### TASK PROMPT:
Going down the data below, set down exactly the line with "тумба имеет два" and each line after it through the line with "中海·云麓九里【云樾台】,精"; no other lines.

### RECORD SET:
══════

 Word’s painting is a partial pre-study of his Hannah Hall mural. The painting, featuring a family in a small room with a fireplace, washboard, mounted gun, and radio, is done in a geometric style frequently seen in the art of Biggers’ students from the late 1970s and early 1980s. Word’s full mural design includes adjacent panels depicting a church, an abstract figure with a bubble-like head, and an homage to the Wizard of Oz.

══════

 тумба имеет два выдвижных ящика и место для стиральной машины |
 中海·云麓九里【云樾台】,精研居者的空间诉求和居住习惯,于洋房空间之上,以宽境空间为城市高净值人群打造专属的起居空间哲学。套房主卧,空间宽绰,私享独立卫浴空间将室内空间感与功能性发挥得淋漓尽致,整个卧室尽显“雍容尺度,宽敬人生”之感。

══════

### EXERCISE RESULT:
 тумба имеет два выдвижных ящика и место для стиральной машины |
 中海·云麓九里【云樾台】,精研居者的空间诉求和居住习惯,于洋房空间之上,以宽境空间为城市高净值人群打造专属的起居空间哲学。套房主卧,空间宽绰,私享独立卫浴空间将室内空间感与功能性发挥得淋漓尽致,整个卧室尽显“雍容尺度,宽敬人生”之感。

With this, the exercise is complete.